_Stored data_
[Start of Attachment]
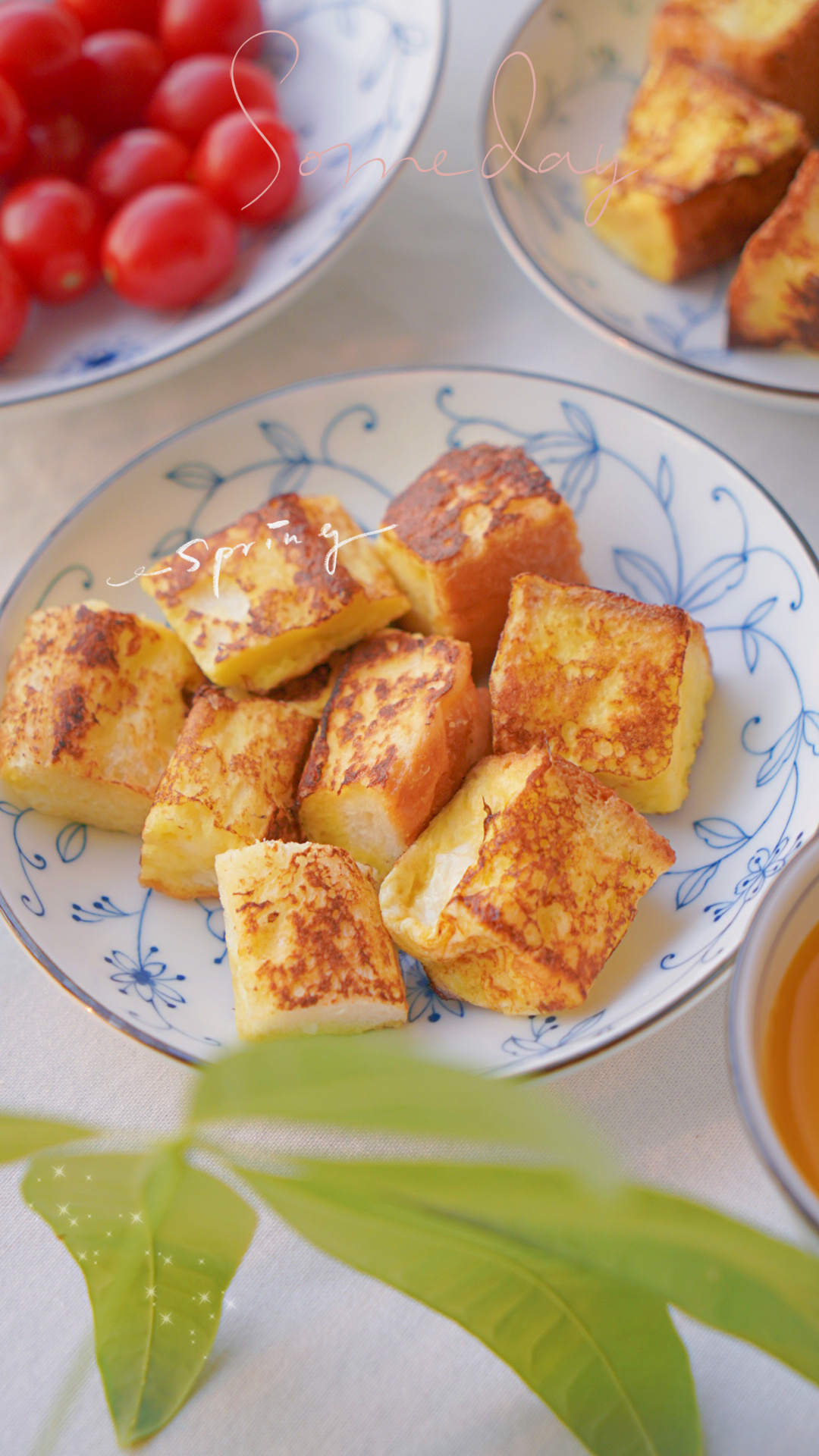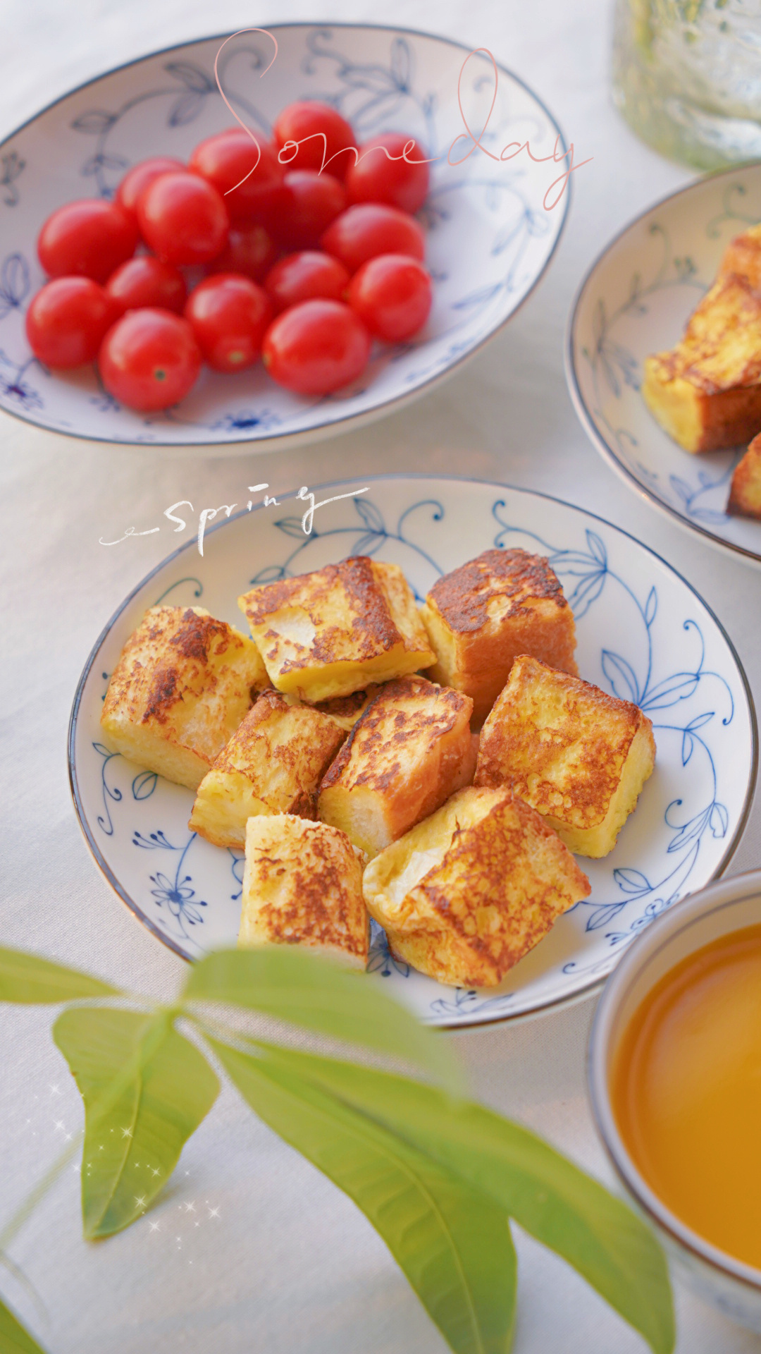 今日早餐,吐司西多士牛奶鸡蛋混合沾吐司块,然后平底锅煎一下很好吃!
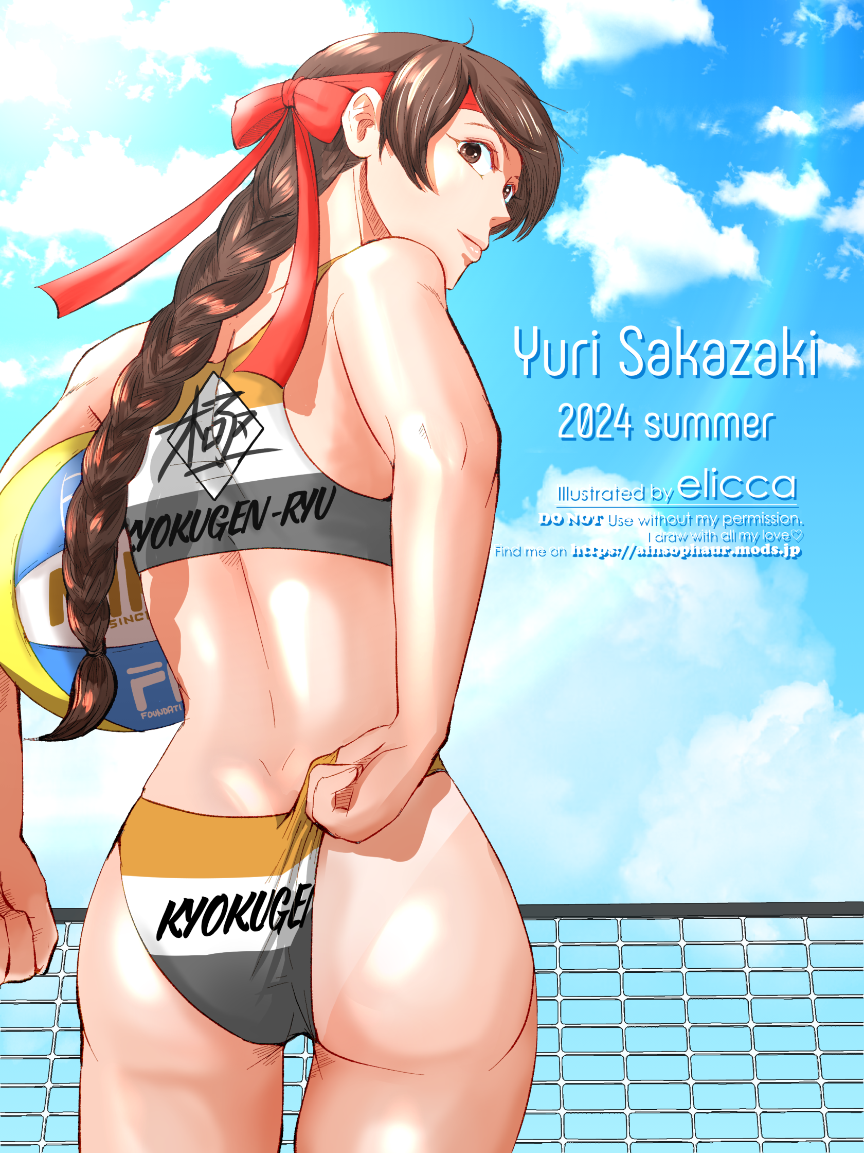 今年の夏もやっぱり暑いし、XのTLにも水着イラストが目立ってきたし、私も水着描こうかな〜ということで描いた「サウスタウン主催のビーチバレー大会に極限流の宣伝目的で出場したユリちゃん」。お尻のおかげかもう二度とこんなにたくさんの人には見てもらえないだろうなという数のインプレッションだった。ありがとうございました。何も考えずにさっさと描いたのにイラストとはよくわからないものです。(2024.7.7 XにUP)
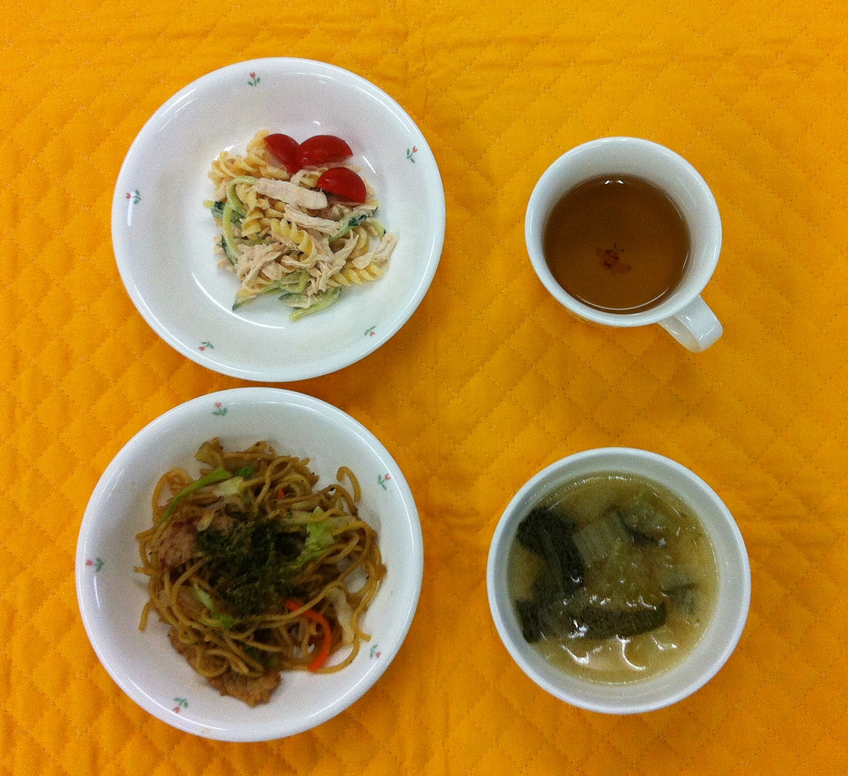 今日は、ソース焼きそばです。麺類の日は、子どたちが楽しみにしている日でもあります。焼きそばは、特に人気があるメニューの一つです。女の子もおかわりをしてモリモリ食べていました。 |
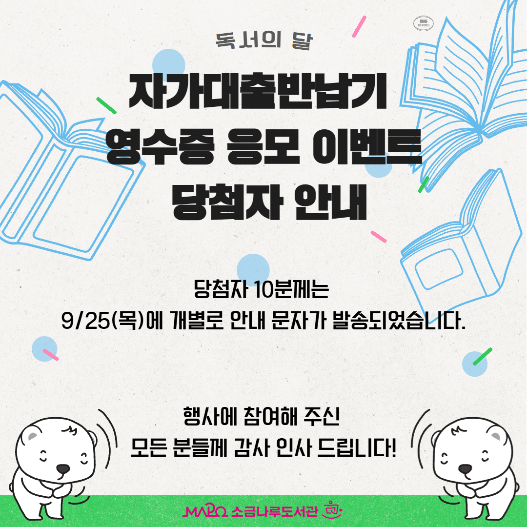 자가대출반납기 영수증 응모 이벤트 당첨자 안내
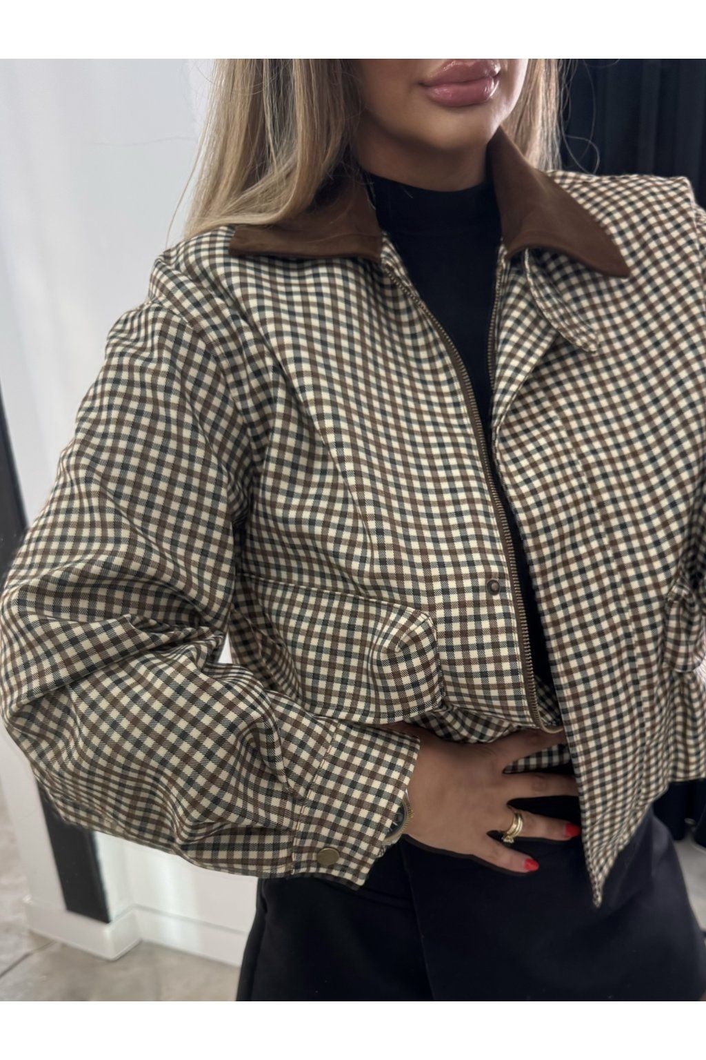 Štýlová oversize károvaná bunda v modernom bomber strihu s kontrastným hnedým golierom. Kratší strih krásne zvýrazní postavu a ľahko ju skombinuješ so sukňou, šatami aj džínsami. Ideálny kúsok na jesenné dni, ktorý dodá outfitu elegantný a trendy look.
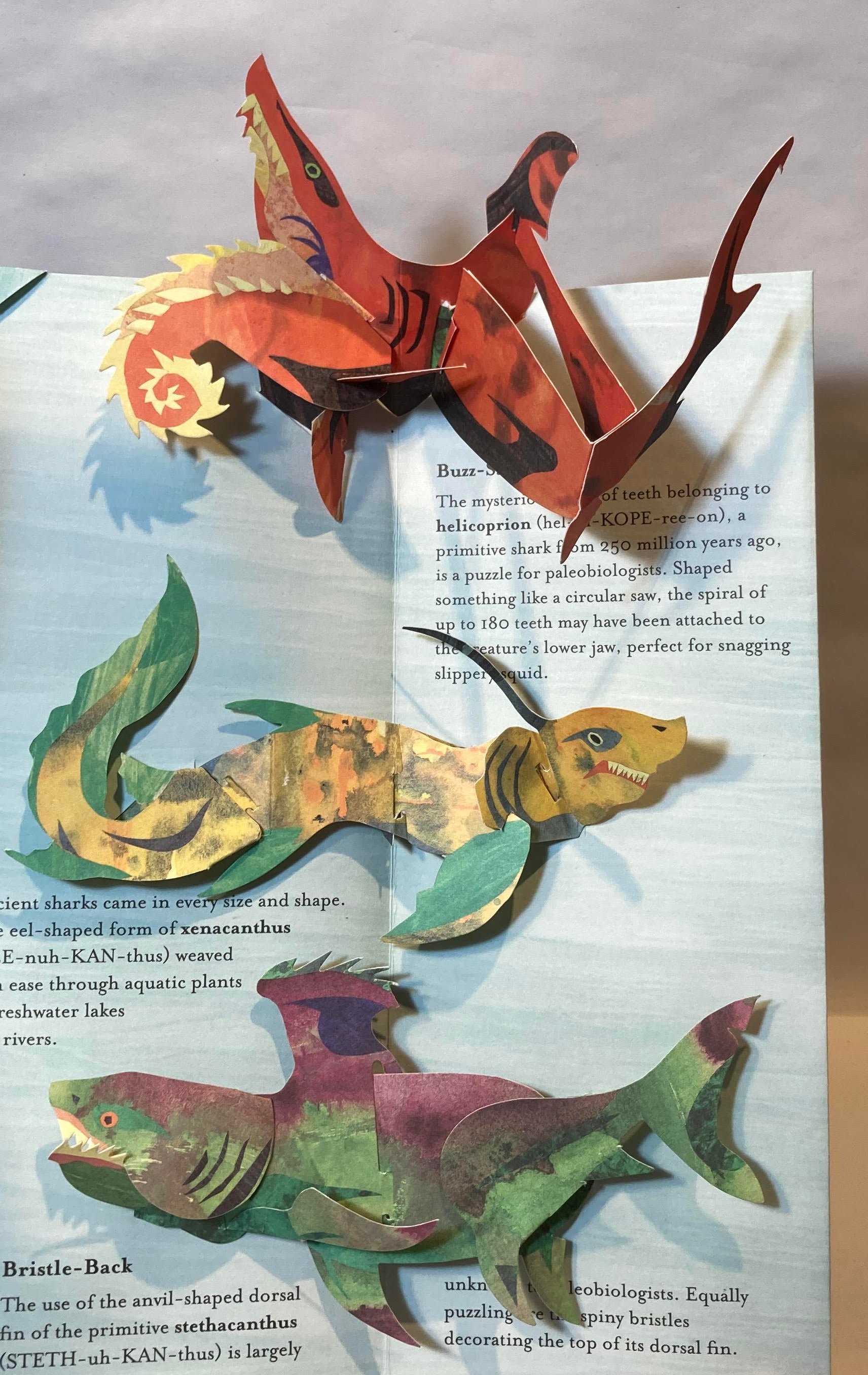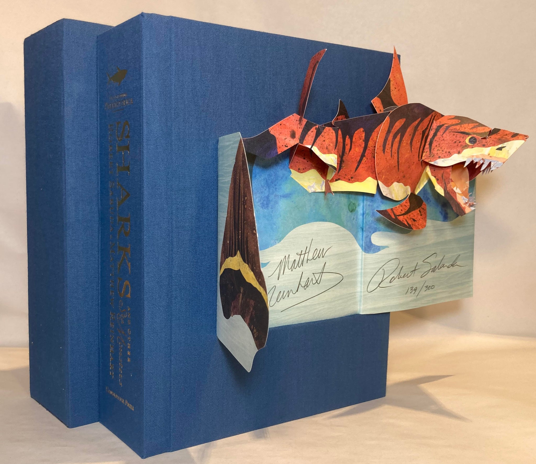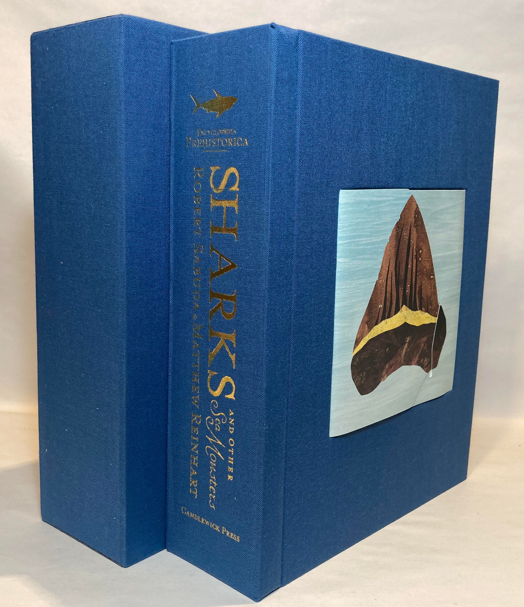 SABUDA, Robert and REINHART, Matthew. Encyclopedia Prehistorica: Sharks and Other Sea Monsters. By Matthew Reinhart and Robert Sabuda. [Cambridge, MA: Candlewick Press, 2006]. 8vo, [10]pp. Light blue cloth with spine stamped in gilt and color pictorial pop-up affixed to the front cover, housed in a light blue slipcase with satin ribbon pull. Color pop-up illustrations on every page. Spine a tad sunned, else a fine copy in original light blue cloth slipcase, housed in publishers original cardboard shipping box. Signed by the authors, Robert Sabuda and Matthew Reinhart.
[End of Attachment]
_What to produce_
Each entry is to be written out again word for word, and any pictures are to be omitted.

_Task output_
 今日早餐,吐司西多士牛奶鸡蛋混合沾吐司块,然后平底锅煎一下很好吃!
 今年の夏もやっぱり暑いし、XのTLにも水着イラストが目立ってきたし、私も水着描こうかな〜ということで描いた「サウスタウン主催のビーチバレー大会に極限流の宣伝目的で出場したユリちゃん」。お尻のおかげかもう二度とこんなにたくさんの人には見てもらえないだろうなという数のインプレッションだった。ありがとうございました。何も考えずにさっさと描いたのにイラストとはよくわからないものです。(2024.7.7 XにUP)
 今日は、ソース焼きそばです。麺類の日は、子どたちが楽しみにしている日でもあります。焼きそばは、特に人気があるメニューの一つです。女の子もおかわりをしてモリモリ食べていました。 |
 자가대출반납기 영수증 응모 이벤트 당첨자 안내
 Štýlová oversize károvaná bunda v modernom bomber strihu s kontrastným hnedým golierom. Kratší strih krásne zvýrazní postavu a ľahko ju skombinuješ so sukňou, šatami aj džínsami. Ideálny kúsok na jesenné dni, ktorý dodá outfitu elegantný a trendy look.
 SABUDA, Robert and REINHART, Matthew. Encyclopedia Prehistorica: Sharks and Other Sea Monsters. By Matthew Reinhart and Robert Sabuda. [Cambridge, MA: Candlewick Press, 2006]. 8vo, [10]pp. Light blue cloth with spine stamped in gilt and color pictorial pop-up affixed to the front cover, housed in a light blue slipcase with satin ribbon pull. Color pop-up illustrations on every page. Spine a tad sunned, else a fine copy in original light blue cloth slipcase, housed in publishers original cardboard shipping box. Signed by the authors, Robert Sabuda and Matthew Reinhart.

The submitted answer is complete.